» Listed entries:
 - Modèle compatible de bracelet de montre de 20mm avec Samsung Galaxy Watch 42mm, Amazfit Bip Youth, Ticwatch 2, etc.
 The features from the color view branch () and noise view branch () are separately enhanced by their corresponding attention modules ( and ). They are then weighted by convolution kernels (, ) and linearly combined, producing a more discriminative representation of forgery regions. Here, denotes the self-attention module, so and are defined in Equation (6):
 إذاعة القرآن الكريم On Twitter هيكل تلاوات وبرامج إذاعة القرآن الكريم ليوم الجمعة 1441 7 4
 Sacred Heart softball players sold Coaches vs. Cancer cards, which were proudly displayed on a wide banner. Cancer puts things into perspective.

* * *

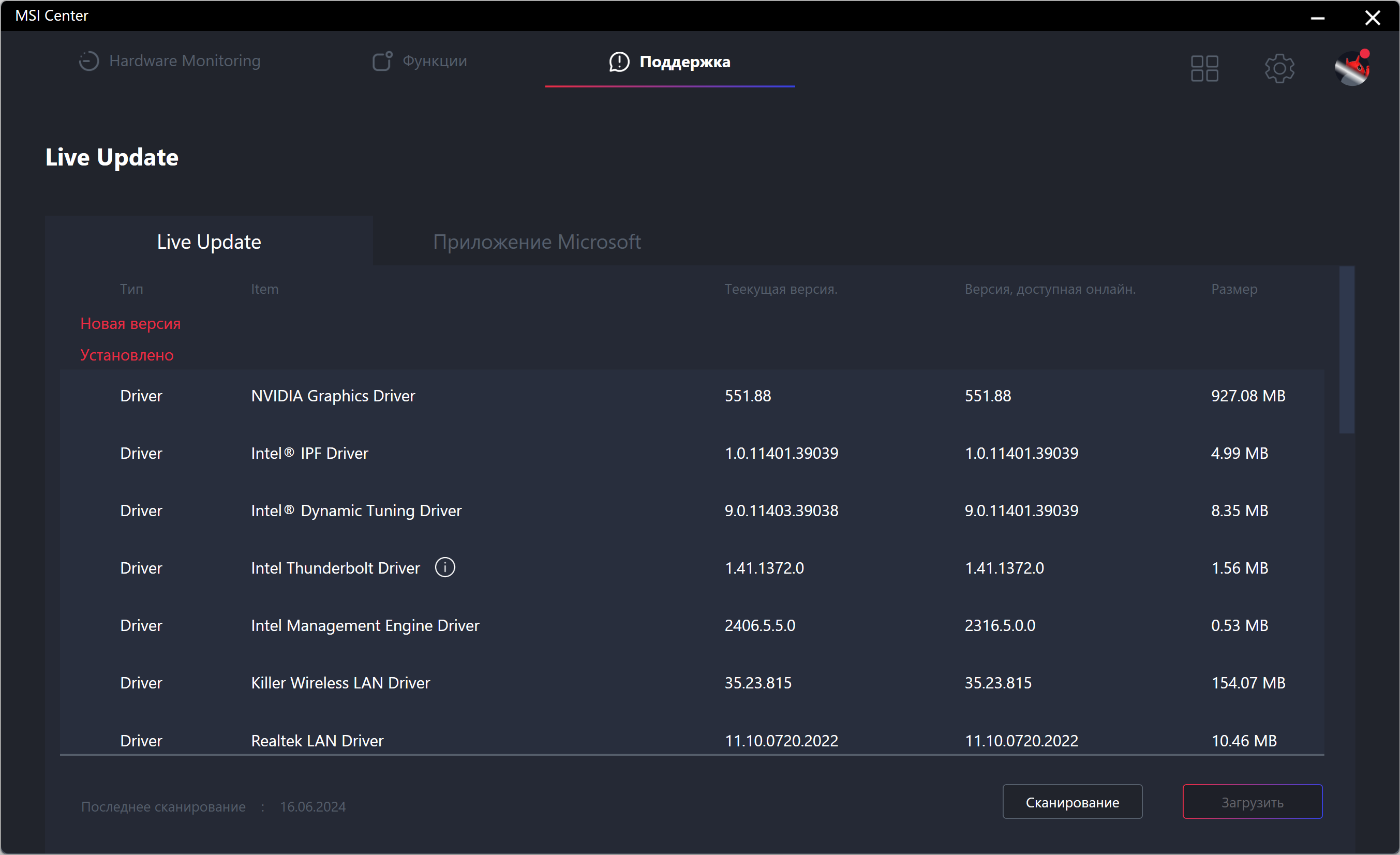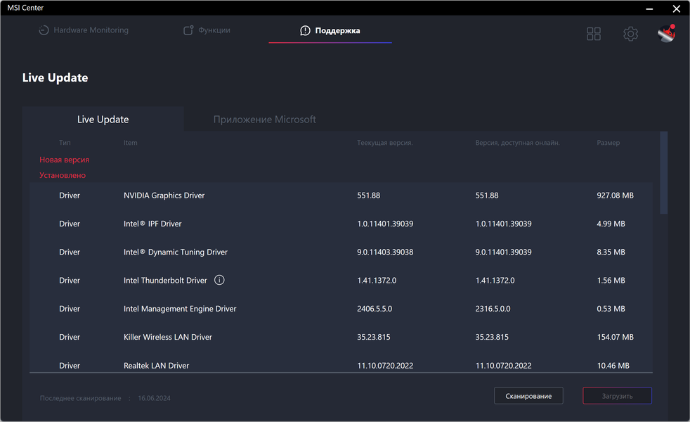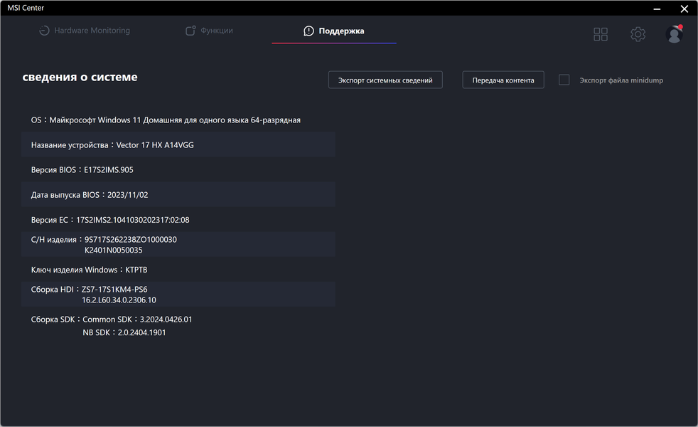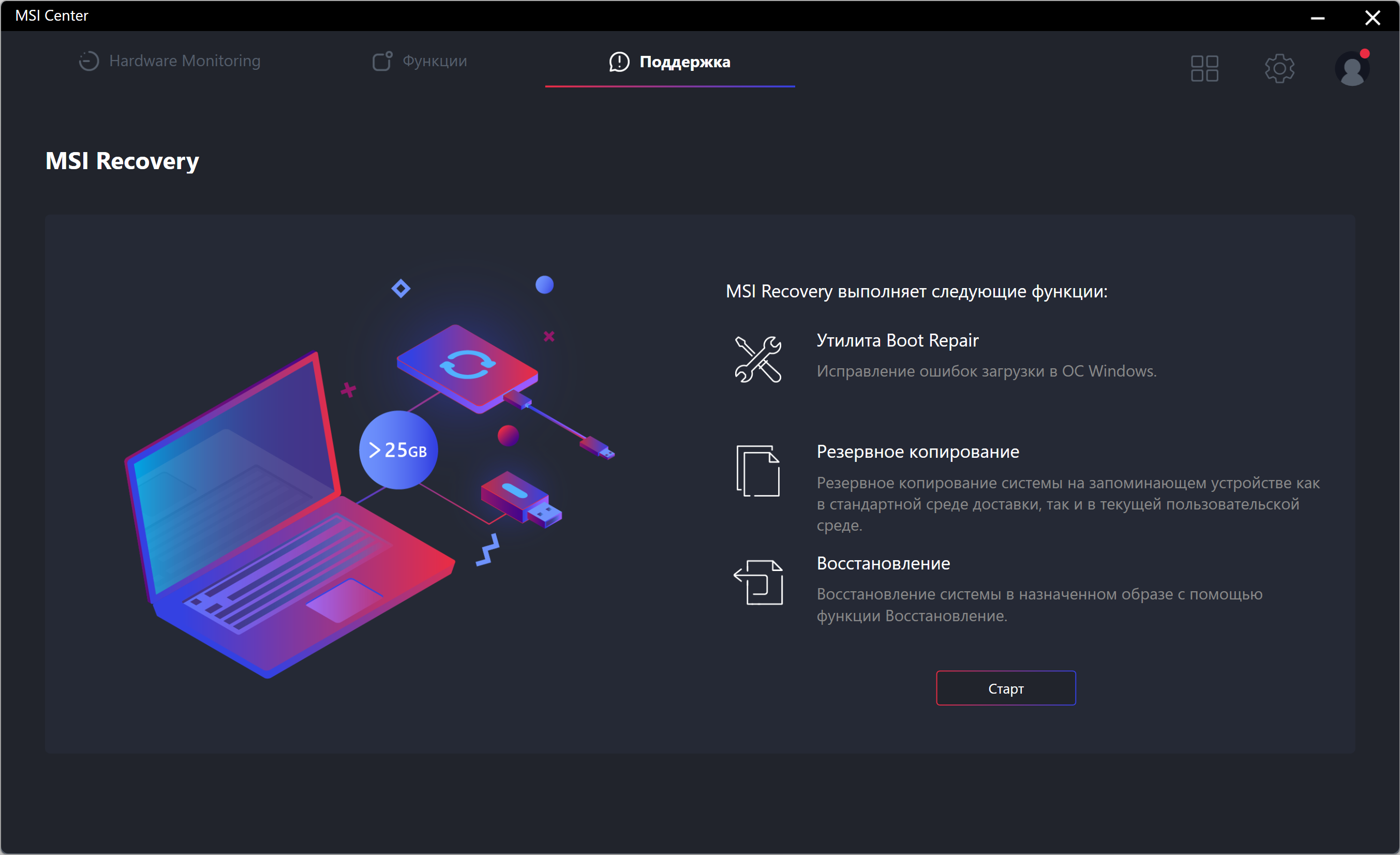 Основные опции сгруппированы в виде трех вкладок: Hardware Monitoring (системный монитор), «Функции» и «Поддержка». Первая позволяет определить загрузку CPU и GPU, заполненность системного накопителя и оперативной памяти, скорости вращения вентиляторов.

» Task goal: Reproduce exactly the entries above, limited to the lines from the one with "إذاعة القرآن الكريم On" through the one with "Sacred Heart softball", both included.

» Exercise response:
 إذاعة القرآن الكريم On Twitter هيكل تلاوات وبرامج إذاعة القرآن الكريم ليوم الجمعة 1441 7 4
 Sacred Heart softball players sold Coaches vs. Cancer cards, which were proudly displayed on a wide banner. Cancer puts things into perspective.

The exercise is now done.